In 1606, during a voyage of discovery from Bantam (Banten), Java, captained by Willem Janszoon, she encountered the Australian mainland. Janszoon is credited with the first authenticated European discovery of Australia. In 1608, the ship was damaged beyond repair.
A reproduction of ''Duyfken'' was built in Australia and launched in 1999.
==Voyages==
In 1596, a ship named ''Duyfken'' sailed in the first expedition to Bantam, the crew was captured by the islanders on Pulau Enggano.〔(Picture ).〕 On 23 April 1601, ''Duyfken'' sailed from Texel as the ''jacht'', or scout, under skipper Willem Cornelisz Schouten to the Spice Islands. After reaching Bantam, the "Moluccan Fleet", consisting of five ships including the ''Duyfken'' under admiral Wolphert Harmensz, encountered a blockading fleet of Portuguese ships totalling eight galleons and twenty-two galleys. They engaged this fleet in intermittent battle, driving them away on New Year's Day 1602. Thus, the undisputed dominance of the Iberians (Portuguese and Spanish) in the spice trade to Europe was ended.
The fleet received a warm welcome in Bantam, repairs were carried out to damage caused in the battle, and a survey of Jakarta Bay was undertaken, where the Dutch would later build Batavia, their capital in the Indies.
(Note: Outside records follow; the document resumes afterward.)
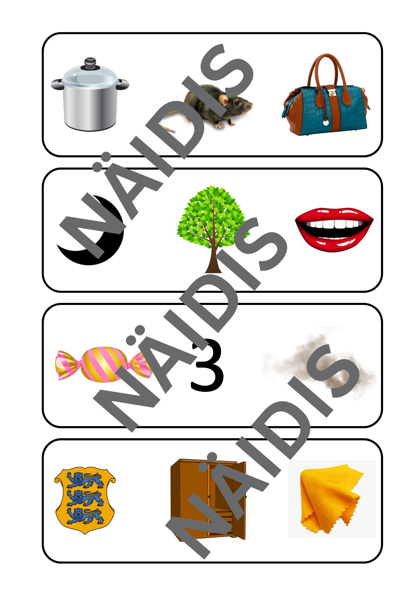 Materjali saab kasutada nii foneemikuulmise testimiseks kui arendamiseks, samuti eesti keele õppes. Failis on 31 sõnarida (8 lehte).
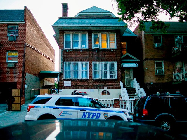 A New York City Police Department vehicle parked outside a complex the Queens borough of New York, on August 22, 2019. (AP Photo/Eduardo Munoz Alvarez)
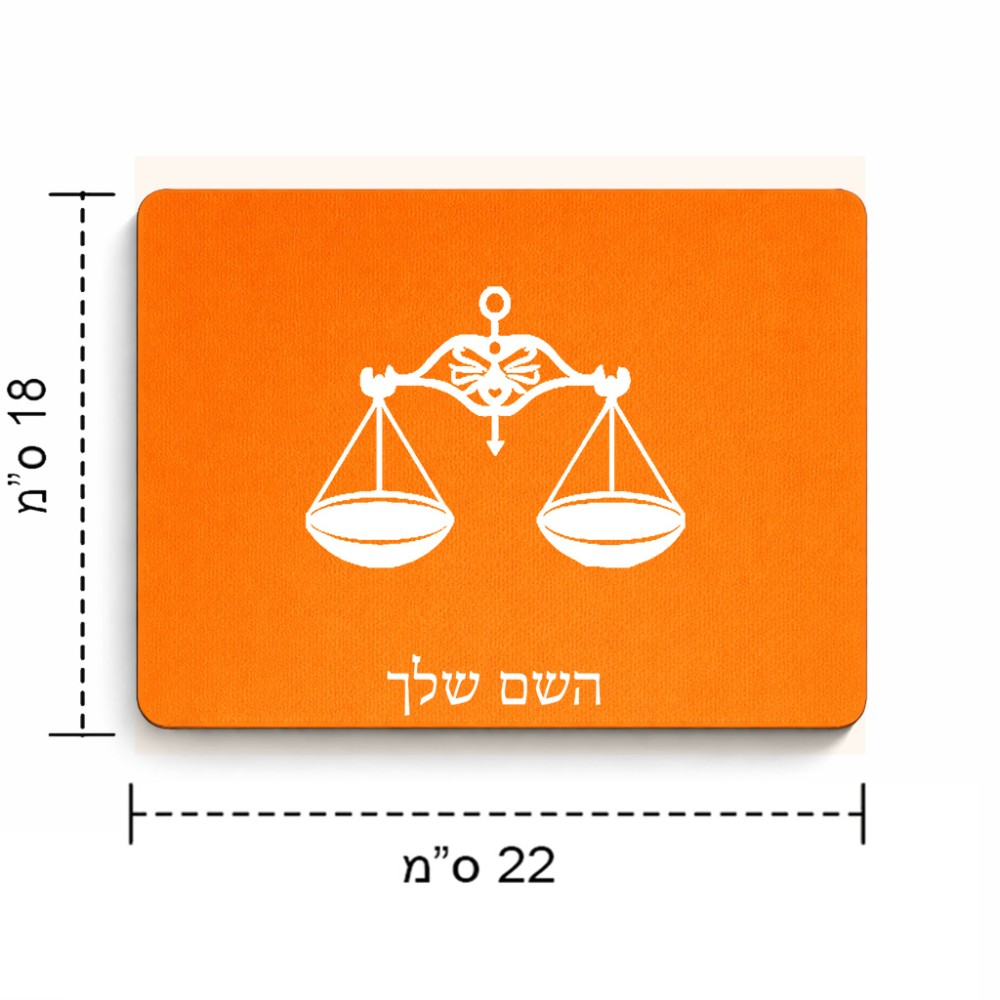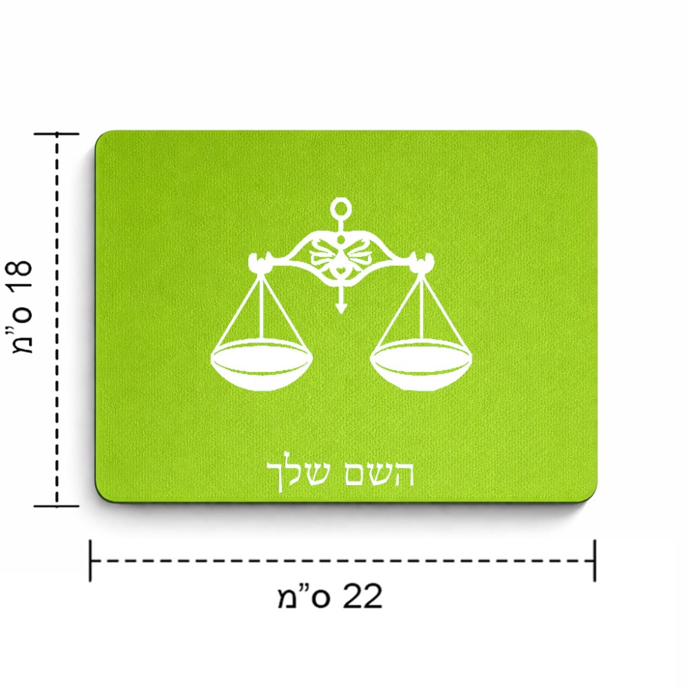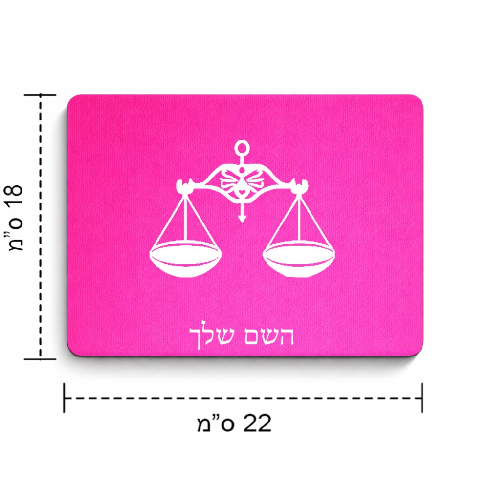 פד לעכבר בעיצוב אישי עם השם שלך בעיצוב מזלות - מאזניים גודל הפד 22 × 18 ס"מ. את השם המבוקש ניתן לציין בהזמנה, אם לא צויין אנחנו ניצור קשר לבירור.

Then, sailing by way of Tuban, East Java to the Spice Island of Ternate, cloves were loaded on board and the ship returned to Banda for a cargo of nutmeg.
The ''Duyfken'' was then sent on a voyage of exploration to the east when the newly formed United Dutch East India Company (VOC) was granted a monopoly on trade to the Spice Islands by the Dutch government. On the voyage home from the Indies the ''Duyfken'' was separated from the larger ships in a storm off Cape Agulhas, southern Africa and reached Flushing in April 1603,〔 two months ahead of the larger ships.
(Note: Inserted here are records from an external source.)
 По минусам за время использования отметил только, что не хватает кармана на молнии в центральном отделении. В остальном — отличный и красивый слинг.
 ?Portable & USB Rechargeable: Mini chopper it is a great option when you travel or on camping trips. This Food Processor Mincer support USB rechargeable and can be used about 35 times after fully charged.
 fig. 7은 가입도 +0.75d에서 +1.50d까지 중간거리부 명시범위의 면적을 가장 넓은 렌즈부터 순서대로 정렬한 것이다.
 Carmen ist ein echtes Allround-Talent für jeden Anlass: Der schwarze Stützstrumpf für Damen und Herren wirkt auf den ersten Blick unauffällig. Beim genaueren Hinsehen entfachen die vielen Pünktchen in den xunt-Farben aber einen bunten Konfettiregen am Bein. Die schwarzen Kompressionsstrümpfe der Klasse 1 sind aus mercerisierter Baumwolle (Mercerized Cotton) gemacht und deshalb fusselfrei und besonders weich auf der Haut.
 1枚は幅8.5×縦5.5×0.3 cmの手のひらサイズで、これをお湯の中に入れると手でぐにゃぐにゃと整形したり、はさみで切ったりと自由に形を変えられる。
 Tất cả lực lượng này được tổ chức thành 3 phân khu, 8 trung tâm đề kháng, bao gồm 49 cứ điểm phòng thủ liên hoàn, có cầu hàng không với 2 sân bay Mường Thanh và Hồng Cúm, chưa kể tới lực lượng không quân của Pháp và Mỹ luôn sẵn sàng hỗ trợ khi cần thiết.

On 18 December 1603, the ''Duyfken'', with Willem Janszoon as skipper, set out on a second voyage to the Indies in the VOC fleet of Steven van der Haghen. The VOC fleet captured a Portuguese ship in Mozambique Channel and sailed to the Spice Islands via Goa, Calicut, Pegu and finally reaching Bantam, Java on New Year's Eve 1604.
In 1605, the ''Duyfken'' was in the fleet that recaptured the fort of Van Verre at Ambon in the Spice Islands, from the Portuguese. She was then sent to Bantam, Java for urgently needed provisions.
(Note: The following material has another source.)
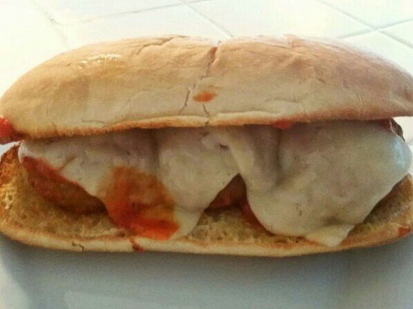 Place rolls or french bread on sheet pan. Drizzle or brush on evoo and sprinkle with garlic powder. With spoon (to catch some sauce along with) line meatballs on bottom of sub roll, top with cheese, usually mozzarella but on these my daughter bought an Italian mix cheese slices. And we love them all! I take some of the breading from inside top roll so there’s more room for meatballs. Place under broiler just long enough to melt cheese and toast roll. You can add more sauce. Even more cheese. My daughter added shredded Romano on hers. ENJOY.
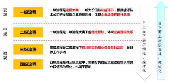 組織運作機制可以整體概括為:前臺經(jīng)營、中臺支撐、后臺服務(wù)。流程體系設(shè)計需要以組織架構(gòu)為基礎(chǔ)和前提,因此,項目組將通過行業(yè)最佳實踐、能源技術(shù)公司組織運作模式分析,與能源技術(shù)公司中高層進(jìn)行充分研討,進(jìn)一步明確組織架構(gòu)及運作模式。項目組初步認(rèn)為,能源技術(shù)公司需要建立以產(chǎn)品線為主線,中臺和后臺全力支撐產(chǎn)品,從需求立項、開發(fā)、上市推廣、銷售、采購生產(chǎn)、交付、售后的全生命周期組織運作機制,打破部門墻,建立矩陣式柔性組織體系,支撐流程的高效運轉(zhuǎn)。

In 1605, the Dutch East India Company (VOC) sent the ''Duyfken'', captained by Willem Janszoon, to search for trade opportunities in the "south and east lands" beyond the furthest reaches of their known world. Willem Janszoon took the ship southeast from Banda to the Kei Islands, then along the south coast of New Guinea, skirting south of the shallow waters around False Cape (Irian Jaya) and then continuing east-southeast.
In early 1606, Janszoon encountered and then charted the shores of Australia's Cape York Peninsula. The ship made landfall at the Pennefather River in the Gulf of Carpentaria. This was the first authenticated landing on Australian soil and for the first time all the inhabited continents of the world were known to the European science of geography. Janszoon is thus credited with the first authenticated European discovery of Australia. The ship sailed back to Bantam.
In 1607, the ''Duyfken'' may have made a second voyage east to Australia. Later in the year, she was sent to Java to get supplies for the beleaguered Dutch fortress on Ternate. In February or March 1608, the ''Duyfken'' was involved in hunting Chinese junks north of Ternate.〔Opstall, M.E. van (1972), p. 311-312 De reis van de vloot van Pieter Willemsz Verhoeff naar Azië 1607-1612, deel 1. 's-Gravenhage: Martinus Nijhoff, 1972. (Werken uitgegeven door de Linschoten-Vereeniging; no. 73) ISBN 90-247-1287-4.〕
In May 1608, the ship was engaged in a five-hour battle with three Spanish galleys.〔http://gutenberg.net.au/ebooks06/0600631h.html.〕 In June, she was sent with larger ships to capture the fortress of Taffaso on Makian Island. A month later, she was brought inside the reef at Ternate for repairs. It seems that she was hauled on her side to repair the bottom but this caused further damage, and the ship was condemned as beyond repair.